══ Data excerpts ══

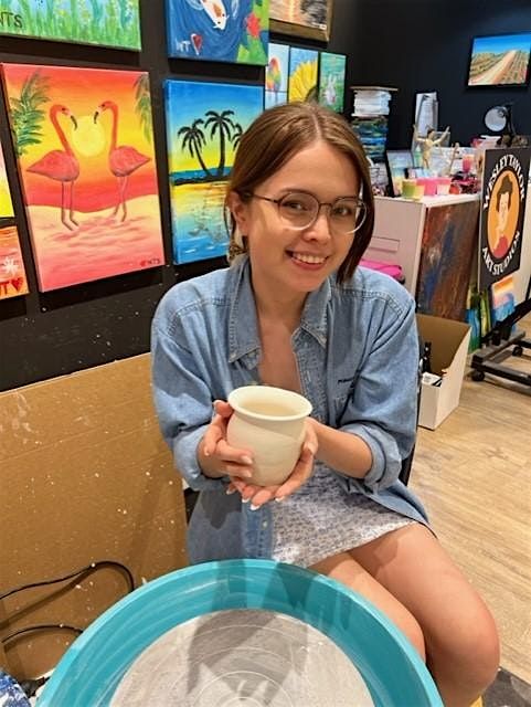 First time experience throwing clay on the pottery wheel, a social way to let your creative experience be fun, rewarding and relaxing.
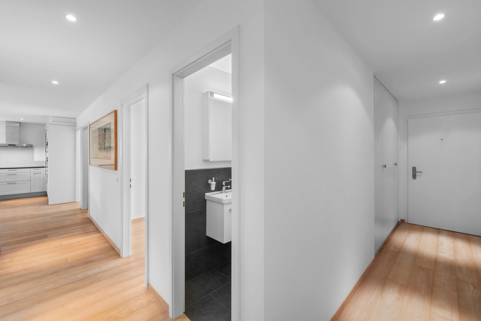 Une place de stationnement intérieure et une cave de 6m2 font partie de ce lot et il y a la possibilité d’acquérir une seconde place en sous-sol en supplément pour CHF 35’000.-
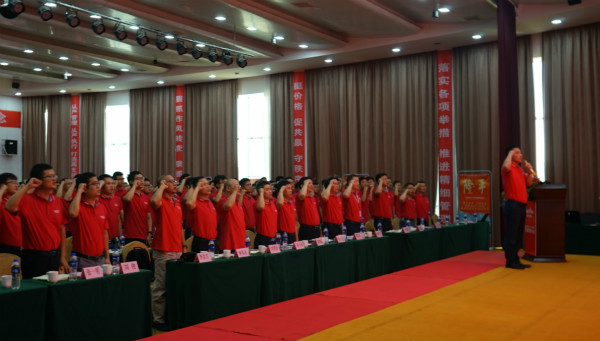 會上,在營銷總監盧成林的帶領下,全體參會人員就落實市場管控、強化營銷協同作出鄭重承諾。
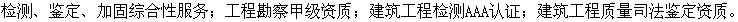 巖土工程勘察設計、地基處理、建筑物沉降觀測;結(jié)構(gòu)檢測、鑒定、改造加固設計施工;建筑材料檢測,混凝土(砂漿)非破損檢測;室內(nèi)環(huán)境主要污染物質(zhì)檢測;地基基礎、混凝土構(gòu)件、鋼屋架等結(jié)構(gòu)檢測;工程監(jiān)理;工程技術鑒定,司法鑒定,事故診斷及處理;特種工程施工等方面的研究與開發(fā)應用、技術服務工作。
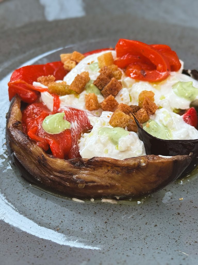 Verdure locali grigliate, burrata pugliese e olio al basilico di “Un jardin sur le toit” | © Serena Annese
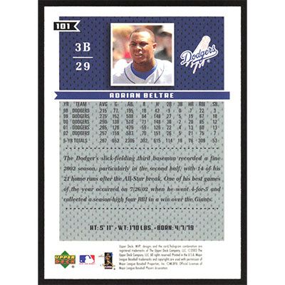 This is a 2003 Upper Deck MVP Adrian Beltre baseball card. The card is #101 and pictures show condition.
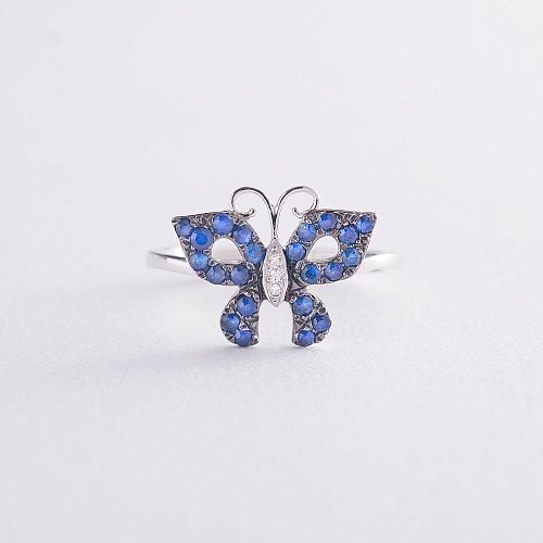 ? Золота каблучка "Метелик" (сапфір, діамант) кб0329ha
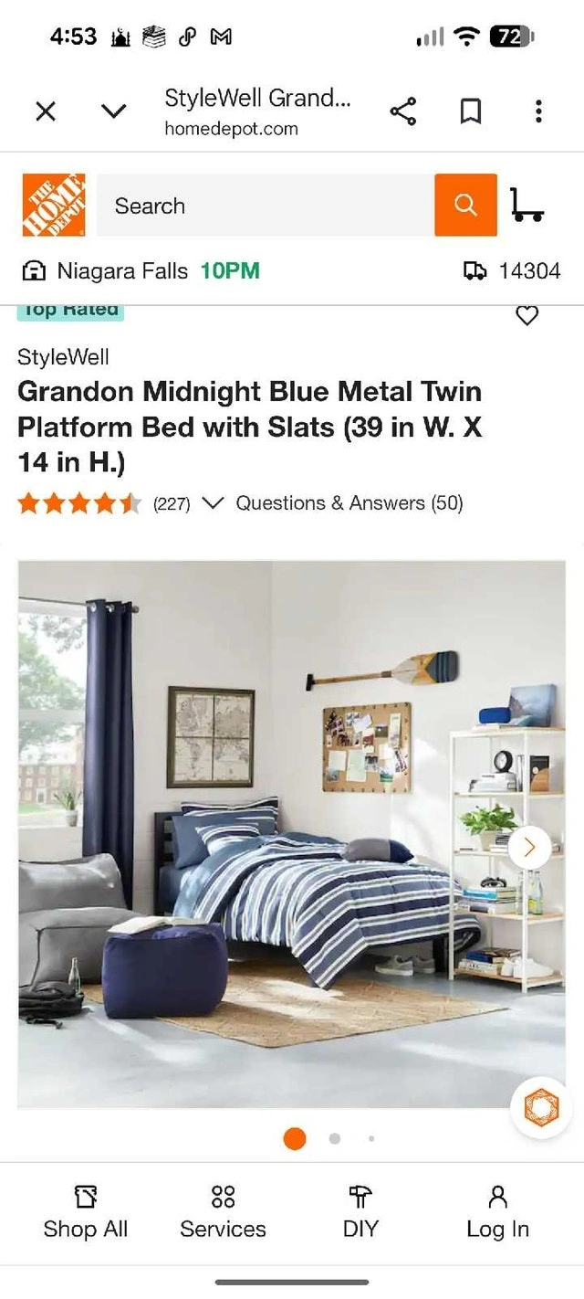 This is a StyleWell Grandon Midnight Blue Metal Twin Platform Bed, perfect for a child's room or a guest room. This bed is brand new, still sealed in the original packaging. Cash accepted.
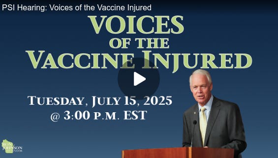 Senator Ron Johnson: PSI Hearing: Voices of the Vaccine Injured, 15 July 2025 (120+ mins)
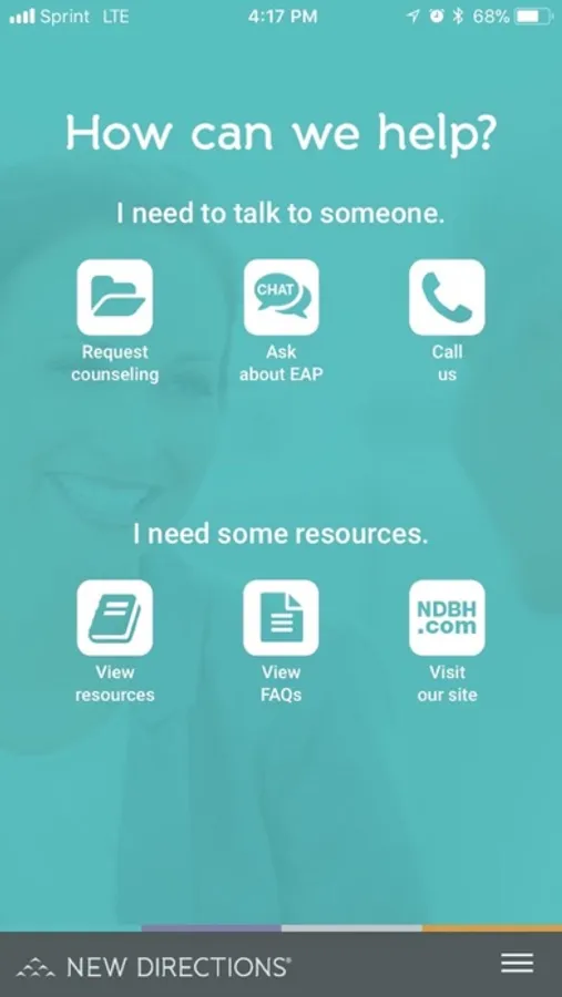 This app is available only to employees and their dependents who have the New Directions EAP. Check with your employer if you are uncertain if this free benefit is available to you. Support is available for improving relationships, reducing debt, lowering stress and so much more. No matter how you’re doing, the New Directions EAP is here for you. Download the app or call the Help Line at 800-624-5544.
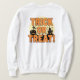 it’s a casual, light-colored shirt ideal for celebrating the Halloween season with a fun, classic “Trick or Treat” graphic on the back.
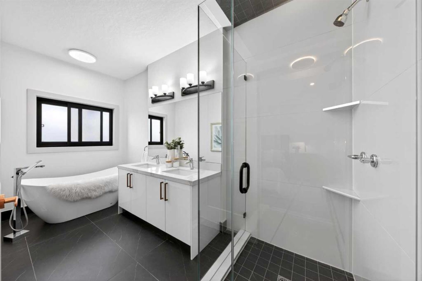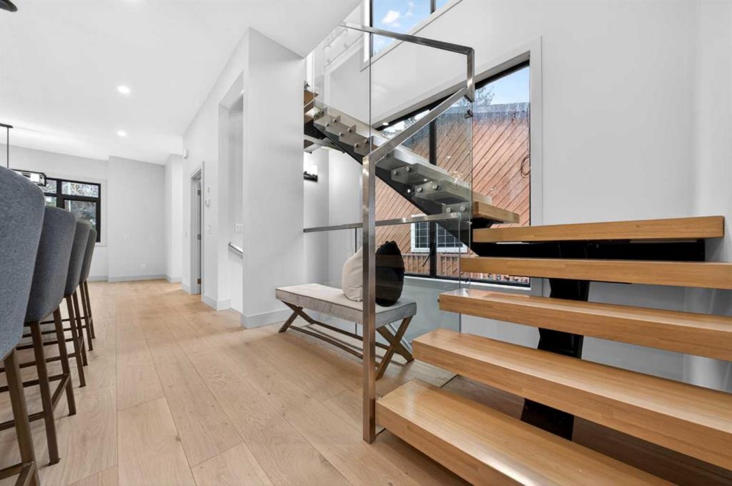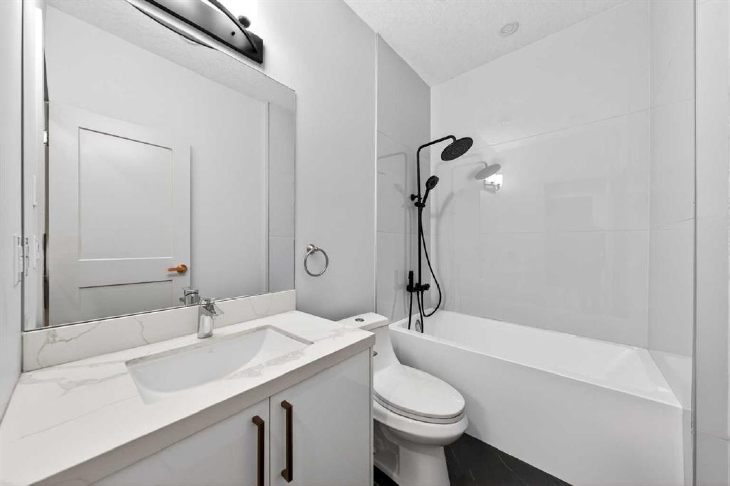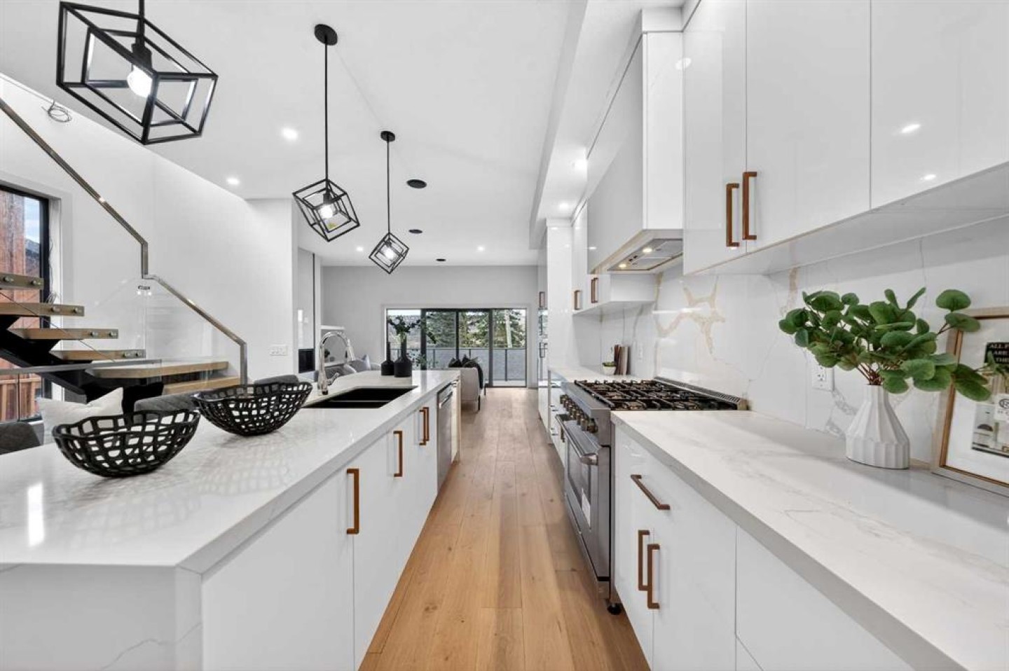 **OPEN HOUSE this SUN, Feb 22th at 2-4PM** Welcome to a stunning modern BRAND NEW half-duplex infill home in the prestigious community of Montgomery, offering 3 bedrooms, 2.5 baths, and over 1,815 sq. ft. of beautifully designed living space, plus a fully finished walkout basement with a 1-bedroom Legal Suite providing excellent rental income potential. Step inside and be greeted by elegant engineered hardwood flooring throughout and impressive 10 ft ceilings on the main level that create a bright, spacious atmosphere. Right off the entry, a good-sized Dining room with large windows welcomes you with natural light. The heart of the home is the modern gourmet Kitchen, complete with upgraded quartz countertop waterfall center island, stunning complete luxury white cabinetry with rose gold hardware with smart storage solutions, BRAND NEW stainless steel gas stove, built-in fridge, built-in microwave, and dishwasher. The open floorplan flows seamlessly into the spacious Living room, anchored by an electric fireplace and providing access to a full-width South-West facing Deck with gas hookup—perfect for barbecues and outdoor entertaining while enjoying beautiful views. A modern open riser staircase with glass panel railing leads to the upper level featuring 9 ft ceilings. The luxurious Primary bedroom offers a private balcony overlooking Bowmont Park and the Bow River—ideal for relaxing and enjoying spectacular views. The 5pc Ensuite is a true retreat with double vanity, quartz countertops, walk-in closet, free-standing soaker tub, and separate tiled standing shower. Two additional well-appointed Bedrooms complete this level, along with a full 4pc bathroom and a convenient Laundry room. The fully finished walkout basement features a 1-bedroom legal suite with separate side entry, offering excellent rental income potential. The legal suite includes a bright Living room, full Kitchen, in-suite Laundry, and one well-sized Bedroom with walk-in closet—providing comfortable, private living space for tenants or extended family. The spacious Living room with large windows leads to a covered rear Patio with gas hookup, perfect for year-round enjoyment. A detached double garage with back lane access completes this exceptional property. Located in prestigious Montgomery, just steps to the Bow River pathways, Shouldice Park, and the Paddle Station for kayaking and rafting adventures. Minutes to Market Mall, University District shopping, University of Calgary, Foothills Medical Centre, and Alberta Children's Hospital. Easy access to Trans-Canada Highway for quick commutes downtown, to the mountains, and beyond. Excellent schools nearby including Terrace Road Elementary and Foundations for the Future Charter School. This is a fantastic opportunity to own an exceptional Montgomery home with income potential in one of Calgary's most desirable inner-city communities!

═══

Work request:
Using the records above, repeat exactly the run of lines that starts with the line with "This is a StyleWell" and goes on through the line with "Senator Ron Johnson: PSI"; omit each picture.

Response area:
 This is a StyleWell Grandon Midnight Blue Metal Twin Platform Bed, perfect for a child's room or a guest room. This bed is brand new, still sealed in the original packaging. Cash accepted.
 Senator Ron Johnson: PSI Hearing: Voices of the Vaccine Injured, 15 July 2025 (120+ mins)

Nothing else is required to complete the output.